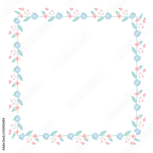 square, flower, berry, plant, frame, vector, illustration, pattern, summer, nature, art, floral, colours
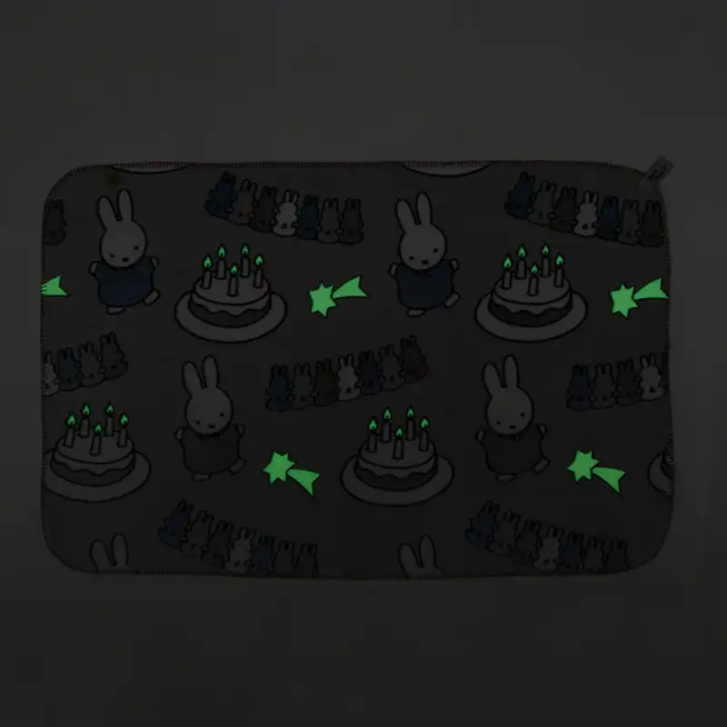 蓄光プリントによって暗闇で柄の一部が光りだす遊び心満載のブランケット。
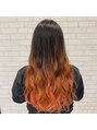 耳下からブリーチをしてグラデーションに!オレンジをオンカラー!上は暗めにすることでオレンジが引き立ちます♪巻くとキュートに(^^)
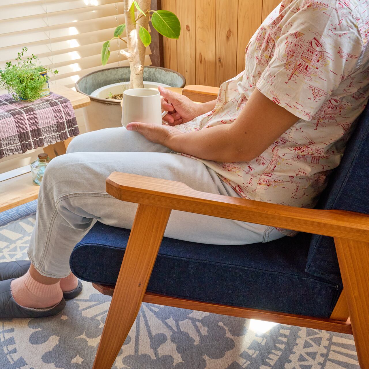 休⽇の朝のような、 ゆったりコーヒーを飲みながら⾃分なりの時間を楽しむ。そんな時間や空間を共に過ごせるお気に⼊りの⼀脚。 気取らずシンプルでありながら、こだわりが垣間⾒えるつくりはお部屋の雰囲気を豊かにしてくれます。
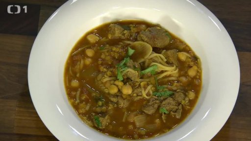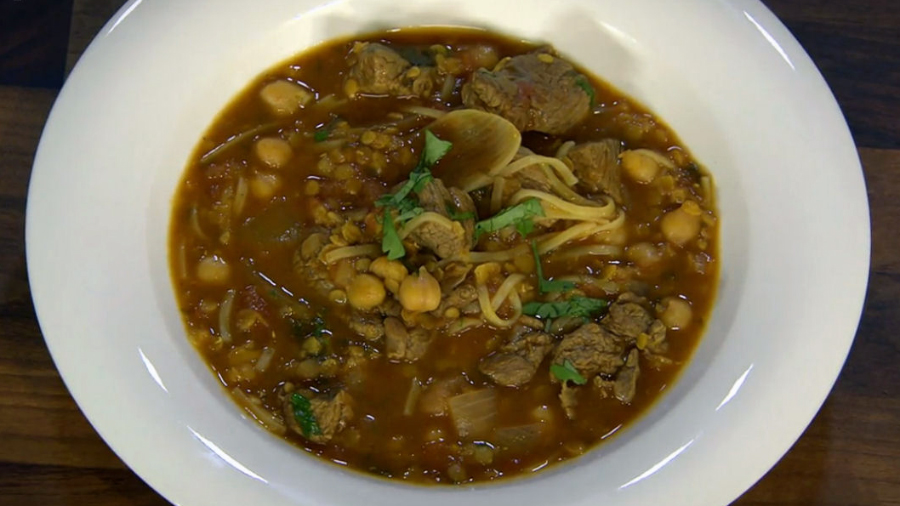 Rajčata spaříme, oloupeme a nakrájíme na kousky. Na malé kousky nakrájíme i maso, nadrobno cibuli. Cibuli s masem společně orestujeme na přepuštěném másle. Přidáme mletý zázvor, kurkumu a skořici. Promícháme, přidáme protlak a rajčata a přilijeme vývar z masa. Petržel a koriandr nasekáme a vhodíme do hrnce. Vaříme 20 minut. Poté přidáme předem namočenou okapanou cizrnu. Šalotku překrojíme na čtvrtky, přidáme a vaříme dalších přibližně 20 minut, než nám změkne cizrna. Těsně před tím, než bude polívka hotová, přidáme nudle. Pak zakápneme citronovou šťávou.

______

**PROBLEM STATEMENT**: Once the pictures are dropped, please print every remaining line of the material verbatim.

**REPLY**:
 square, flower, berry, plant, frame, vector, illustration, pattern, summer, nature, art, floral, colours
 蓄光プリントによって暗闇で柄の一部が光りだす遊び心満載のブランケット。
 耳下からブリーチをしてグラデーションに!オレンジをオンカラー!上は暗めにすることでオレンジが引き立ちます♪巻くとキュートに(^^)
 休⽇の朝のような、 ゆったりコーヒーを飲みながら⾃分なりの時間を楽しむ。そんな時間や空間を共に過ごせるお気に⼊りの⼀脚。 気取らずシンプルでありながら、こだわりが垣間⾒えるつくりはお部屋の雰囲気を豊かにしてくれます。
 Rajčata spaříme, oloupeme a nakrájíme na kousky. Na malé kousky nakrájíme i maso, nadrobno cibuli. Cibuli s masem společně orestujeme na přepuštěném másle. Přidáme mletý zázvor, kurkumu a skořici. Promícháme, přidáme protlak a rajčata a přilijeme vývar z masa. Petržel a koriandr nasekáme a vhodíme do hrnce. Vaříme 20 minut. Poté přidáme předem namočenou okapanou cizrnu. Šalotku překrojíme na čtvrtky, přidáme a vaříme dalších přibližně 20 minut, než nám změkne cizrna. Těsně před tím, než bude polívka hotová, přidáme nudle. Pak zakápneme citronovou šťávou.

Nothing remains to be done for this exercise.